First-line Immune Checkpoint Inhibitors May Have Lower Risk of Hyperprogression


Study of patients treated with Tecentriq (atezolizumab) shows the risk of hyperprogression is .7% when the PD-L1 is used as a first-line therapy and 8.8% when it was used in later lines of therapy.

Hyperprogression—paradoxically accelerated tumor growth—has been reported in a subset of patients with non-small cell lung cancer being (NSCLC) treated with second- or later-line monotherapy immune checkpoint inhibitors (ICIs) such as Keytruda (pembrolizumab), Opdivo (nivolumab) and Tecentriq (atezolizumab). But the risk is “markedly lower” with first-line ICIs, particularly chemoimmunotherapy, according to a study pubished in The Oncologist by Lee Li of Flinders University in Australia, and an international team of investigators.

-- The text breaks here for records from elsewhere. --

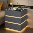 Intre cele 3 sertare este integrata o banda LED discreta, care lumineaza elegant spatiul din jurul noptierei. Iluminarea LED ofera 3 tipuri de lumina: rece, naturala si calda, fiind ideala ca lumina de veghe sau iluminare ambientala, fara a deranja somnul.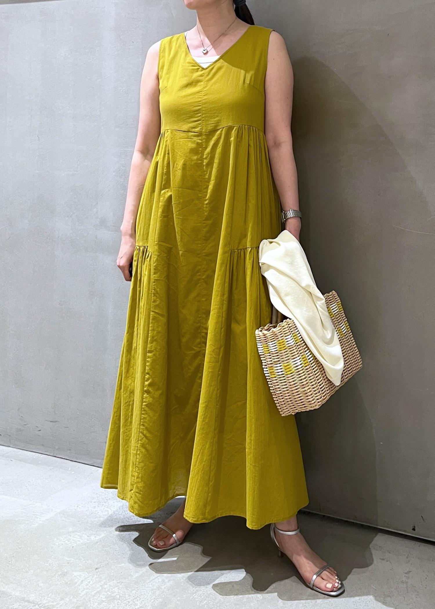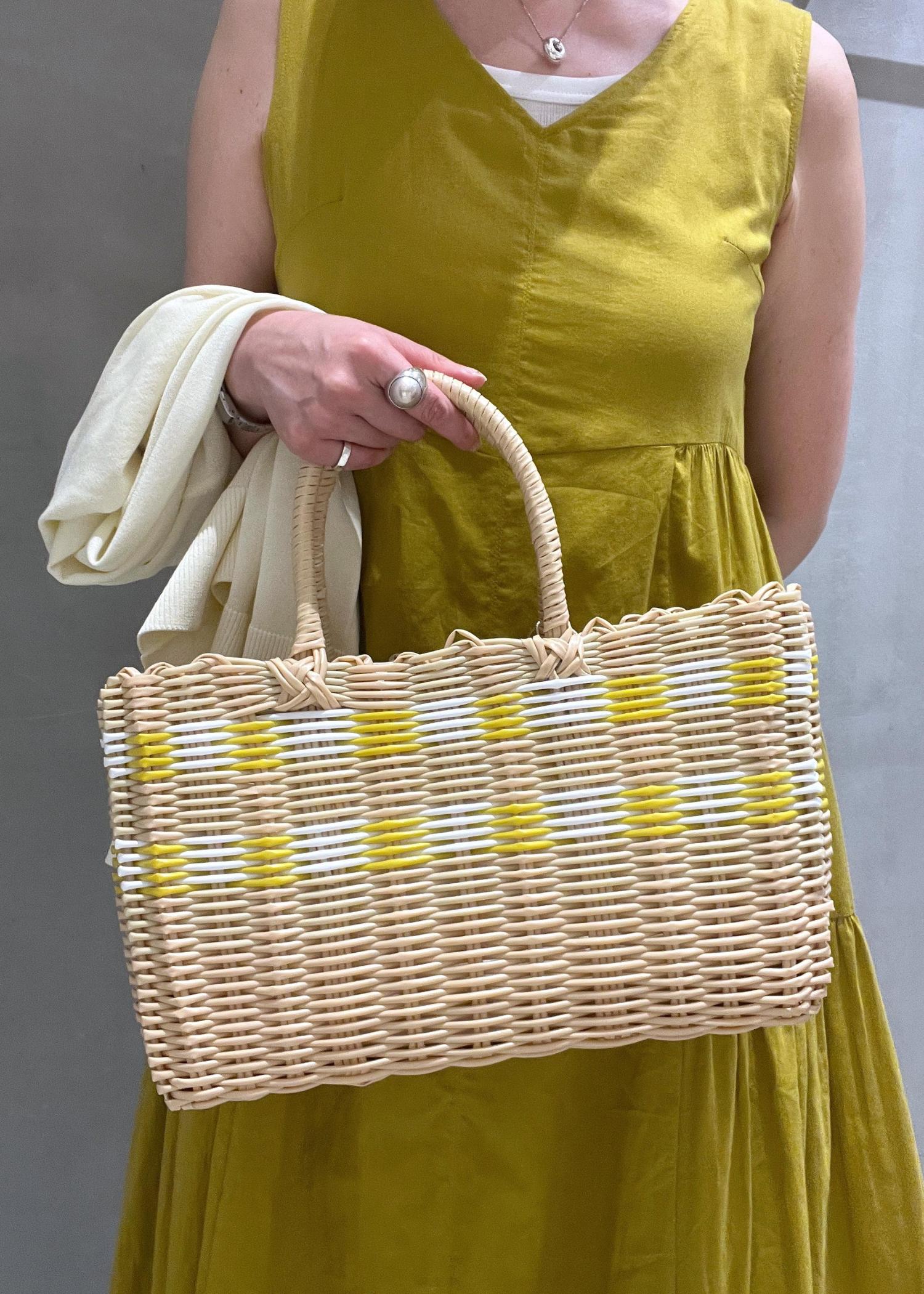 今回は同系色のカゴバッグと合わせて、真夏のお出かけをイメージしてコーディネートしました。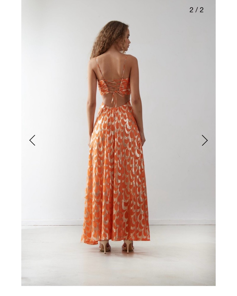 Beautiful orange and gold dress with open lace up back. Worn to a summer wedding and on vacation.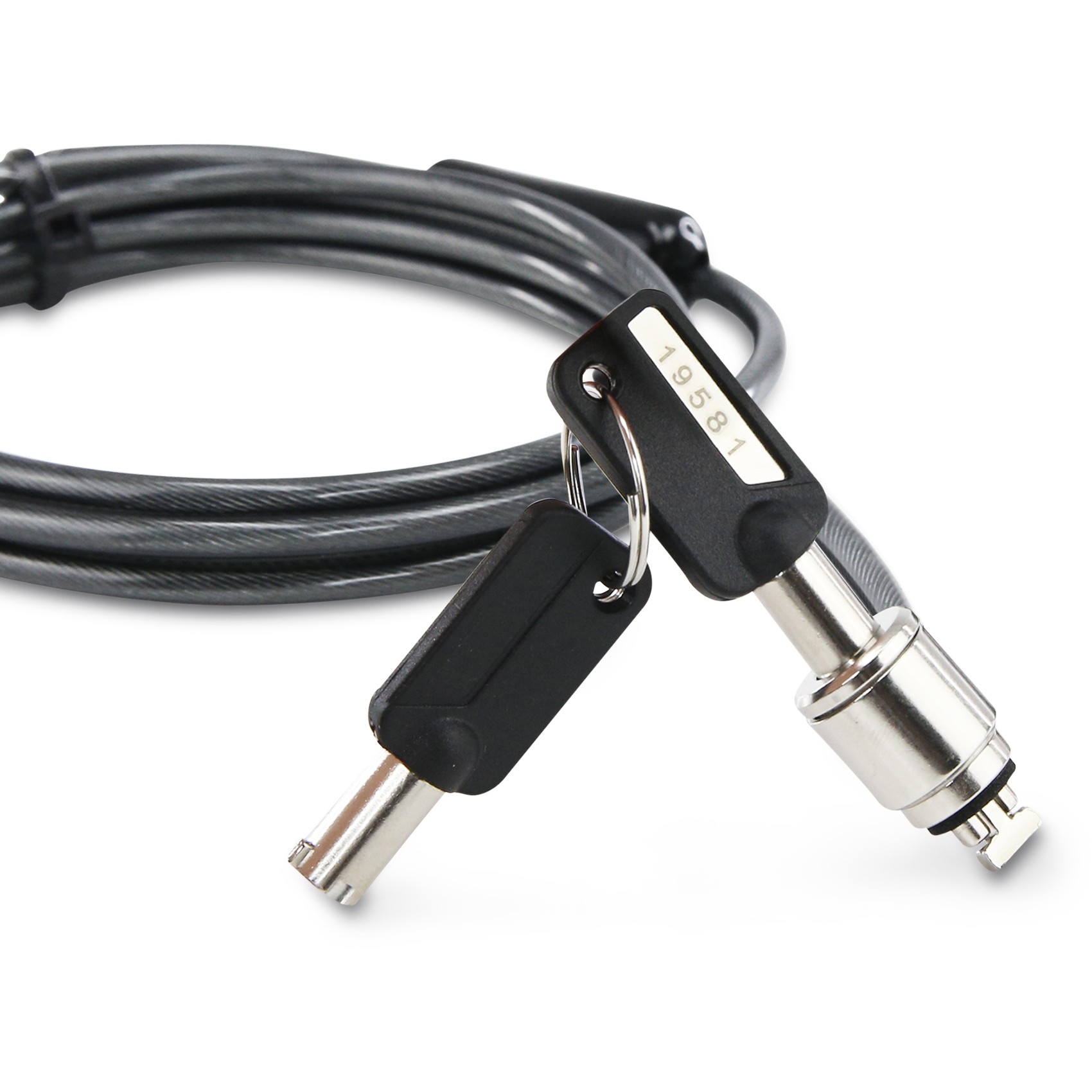 Notebooks sowie Beamer, Monitore und Drucker können mit den BASE XX-Schließsystemen effektiv gesichert werden. Das Cable T-Lock eignet sich für alle Modelle mit dem gängigen 3 x 7 mm Schlitz und ist kompatibel mit dem Kensington Security Slot für T-Bar*. Flexible Arbeitsplatzgestaltung dank drehbarem Kopf. Das ummantelte, mehrsträngige Stahlseil ist 1,5 m lang und hat einen Durchmesser von 4,0 mm. Der funktionelle Klettverschluss ermöglicht das Aufrollen des Kabels zur kompakten Aufbewahrung und zum Transport. Zwei Schlüssel sind im Lieferumfang enthalten. Dieses Schloss ist eine Standalone-Version und kann nicht in ein größeres Schließsystem integriert werden. *T-Bar™ ist eine Marke eines Drittanbieters ohne Verbindung zu BASE XX.

Their study, to their knowledge, is the largest to evaluate risk factors of ICI hyperprogression and one of the most thorough evaluations of contemporary biomarkers. Earlier studies that investigated hyperprogression in single-agent, second/later-line ICI settings provided “limited insights” into the phenomenon’s occurrence with first-line and/or chemoimmunotherapy treatment, the researchers say. Moreover, prior studies examining clinicopathological features had small sample sizes and did minimal investigation of key biomarkers, such as tumor mutation burden or immunophenotypes, said Li and colleagues.

In contrast, these researchers reviewed data on 4,644 patients from seven clinical trials who were treated with Tecentriq as a first-, second-, and later-line therapy of locally advanced or metastatic NSCLC, either as monotherapy or chemoimmunotherapy. Secondarily, they wanted to identify biomarkers that could predict hyperprogression. Tecentriq is a PD-L1 inhibitor, a group that also includes Bavencio (avelumab) and Imfinzi (durvalumab).

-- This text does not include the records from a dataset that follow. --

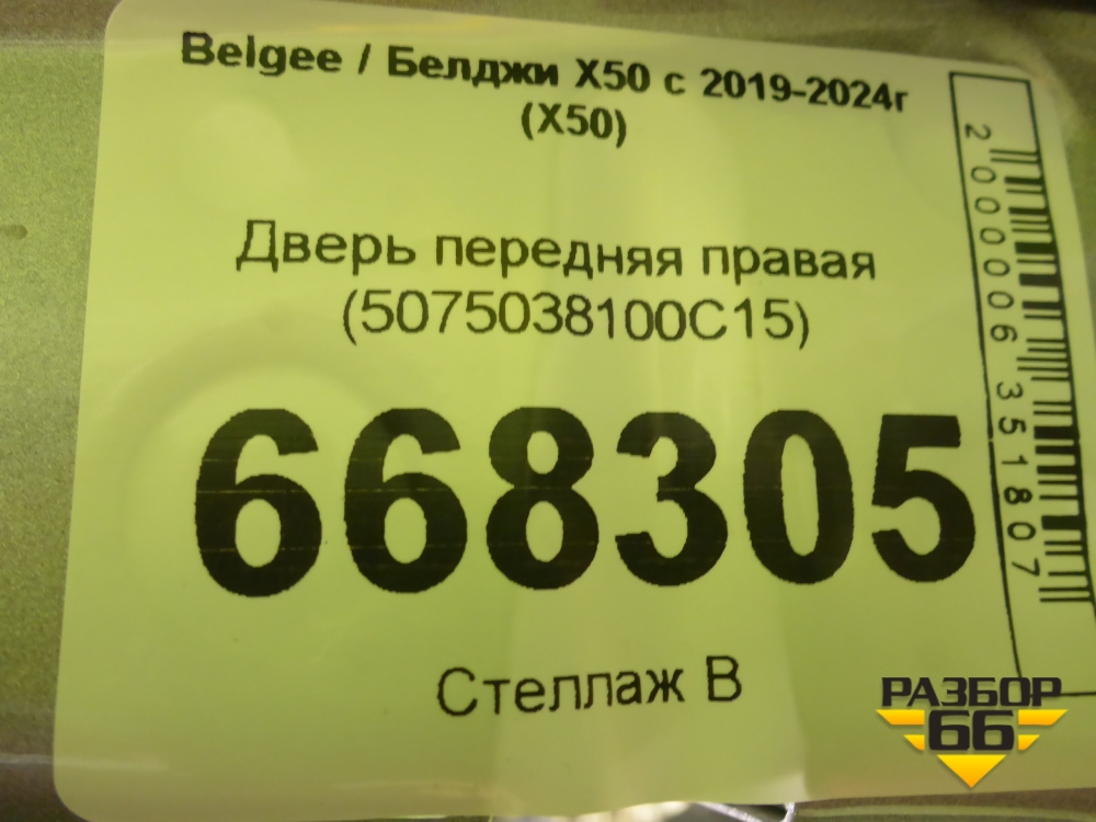 Дверь передняя правая (5075038100C15) для Belgee X50 с 2019-2024г (Х50) в Челябинске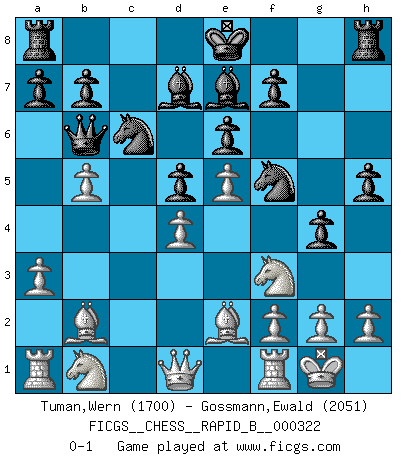 Last move : 0-1 2019 July 1 10:48:33 [Event "FICGS__CHESS__RAPID_B__000322"] [Site "FICGS"] [Date "2019.06.20"] [Round "1"] [White "Tuman,Wern"] [Black "Gossmann,Ewald"] [Result "0-1"] [WhiteElo "1700"] [BlackElo "2051"] 1.e4 e6 2.d4 d5 3.e5 c5 4.c3 Nc6 5.Nf3 Qb6 6.Be2 cxd4 7.cxd4 Nh6 8.b3 Nf5 9.Bb2 h5 10.O-O Bd7 11.a3 Be7 12.b4 g5 13.b5 g4 0-1 French : Advance, Paulsen attack Kingside Castling by player White (move 10) Player Black won this chess game. Follow this game move after move (download)Nowadays, when you're not a grandmaster at 14, you can forget about it. (Anand Viswanathan) Das Schach ist nichts für kleine Geister, es beansprucht einen vollen Mann, der sich nicht sklavisch an das Überlieferte hält, sondern selbständig die Tiefen des Spiels zu ergründen sucht. (Wilhelm Steinitz) El Ajedrez es un juego terrible. Si no dominas el centro, tu oponente tiene una posición mas libre. Si tu tienes el centro, entonces realmente tienes algo de que preocuparte. (Siegbert Tarrasch) Lorsque vous vous retrouvez devant une position atroce, ne tendez pas un ultime piège dérisoire avec l'intention d'abandonner si l'adversaire le déjoue ! Faites-vous plutôt un devoir de résister comme si votre vie en dépendait. Jouez le coup qui vous déplairait au centuple si vous étiez dans la peau de votre tortionnaire ! There are two kinds of tragedy in this world, one is not getting what you want and the other is getting. (Lord of war)
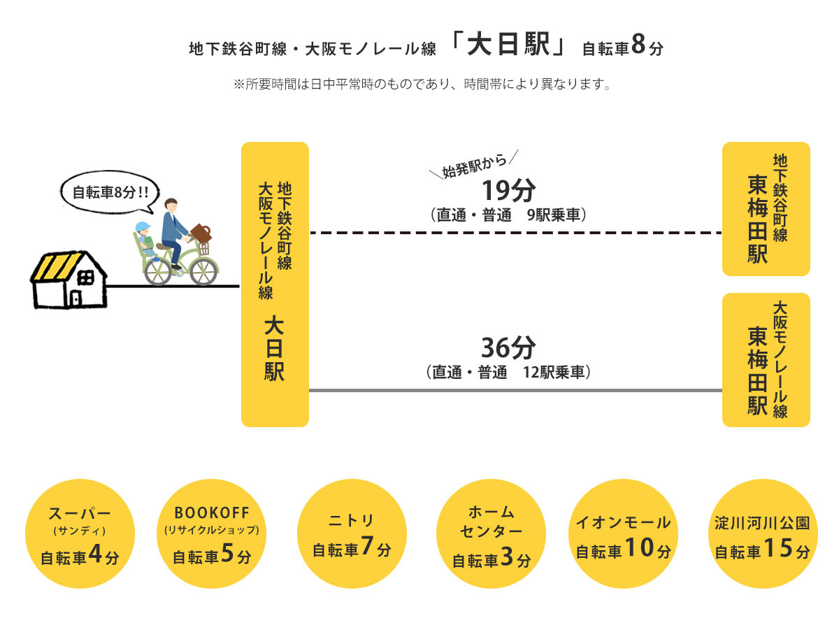 - 交通:地下鉄谷町線/大阪モノレール線「大日」駅 自転車 8 分

The study involved 3,129 patients who received therapy containing Tecentriq and 1,515 who did not. Of the patients who received Tecentriq as first-line therapy, 92% were treated with chemoimmunotherapy and 8% with Tecentriq monotherapy. Median follow-up was 17.3 months.

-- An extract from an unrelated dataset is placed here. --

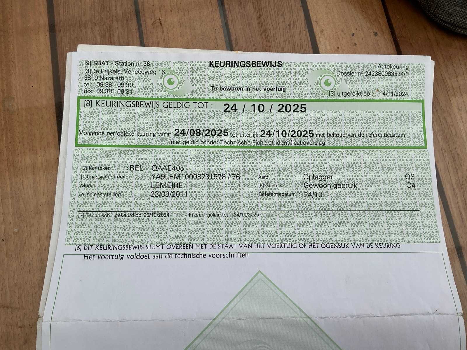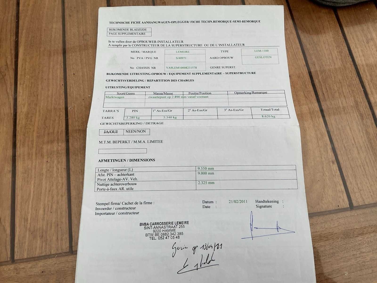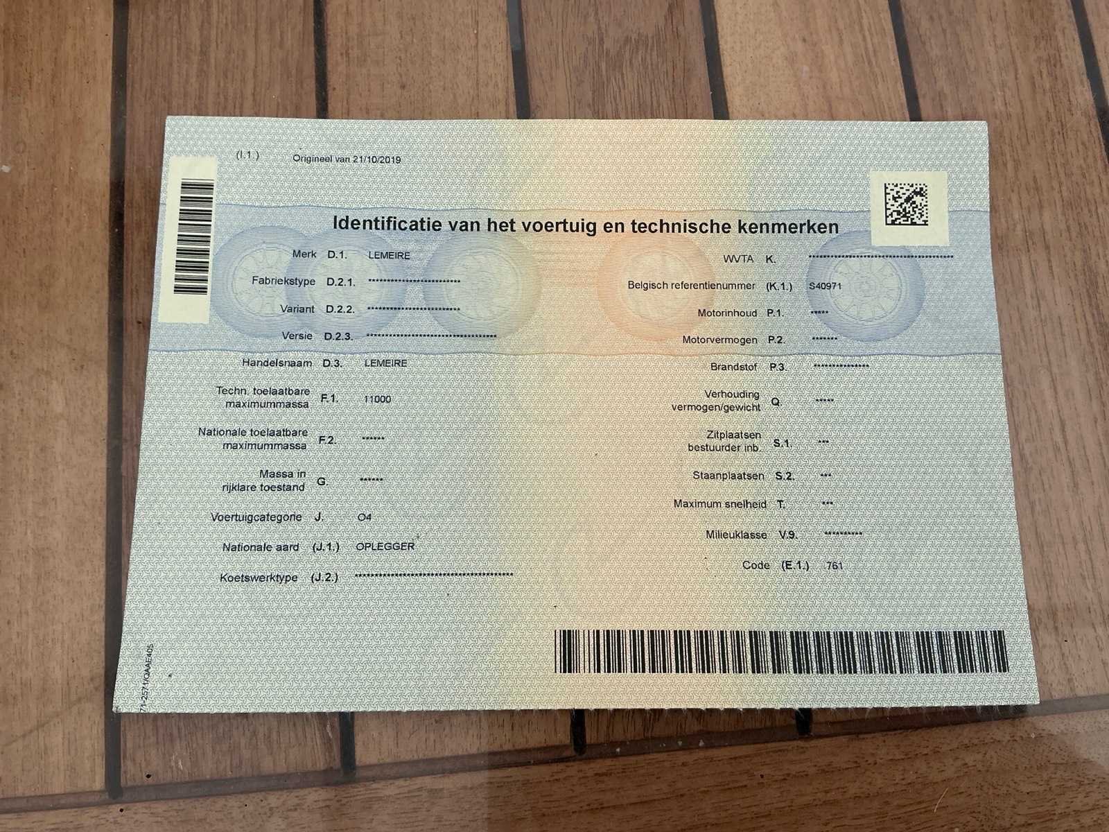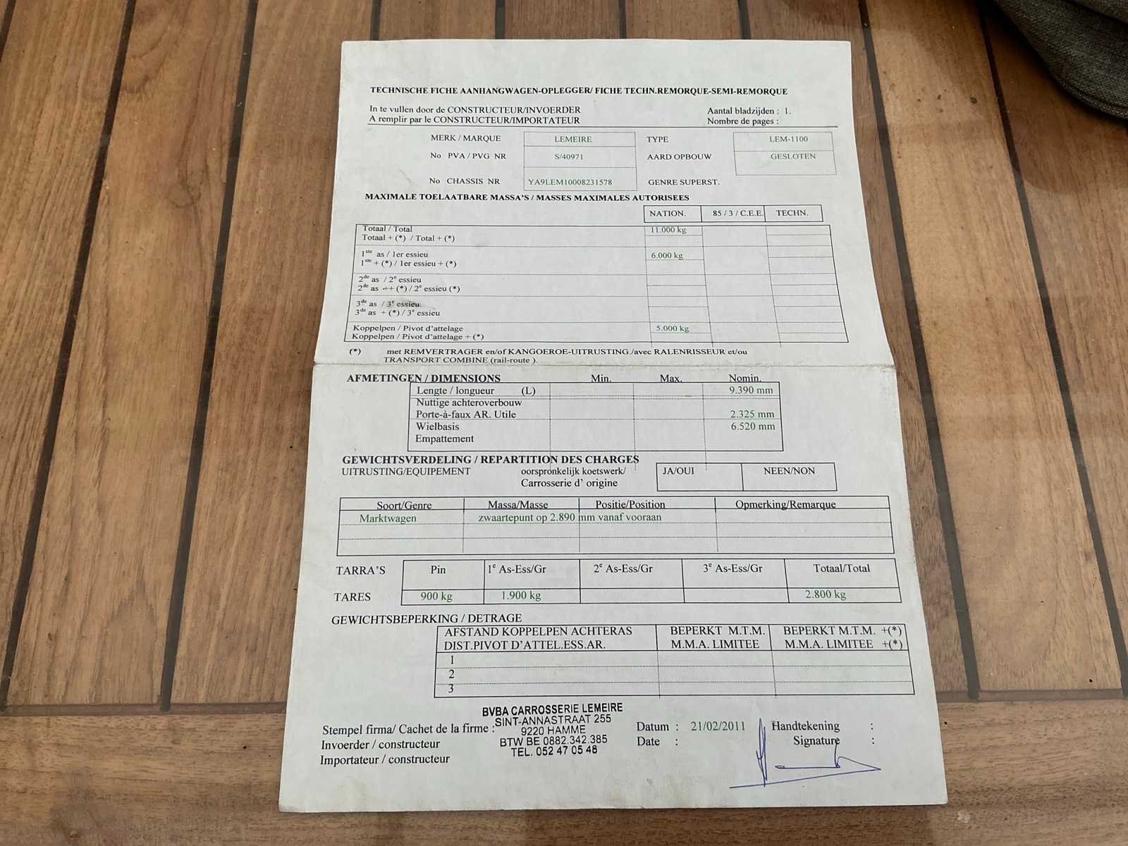 Watertank aanwezig Nee Merk: Lemeire Type: LEM 1100 Bouwjaar: 2011 Chassisnummer VIN: YA9LEM10008231578 Kenteken: QAAE405 Datum eerste toelating: 23/03/2011 Aantal assen: 1

Among those who were treated with Tecentriq, 119 experienced hyperprogression; 106 were receiving second- or later-line treatment. The risk was 0.7% for first-line treatment compared with 8.8% for later-line monotherapies. There was no statistically significant difference in risk between first-line atezolizumab-chemotherapy and chemotherapy alone.

Younger age, liver metastases, and higher metastatic site count increased the risk of hyperprogression. Median survival with hyperprogression was similar in both groups: 4.3 months in the first-line patients, 6.1 months in the second- or later-line patients.

Biomarkers associated with a higher risk of hyperprogression included higher neutrophil-to-lymphocyte ratio (the single strongest predictor), platelet count, and C-reactive protein levels. Notably, Li and colleagues said, tumor mutation burden and PD-L1 expression were not meaningfully associated with risk of hyperprogression.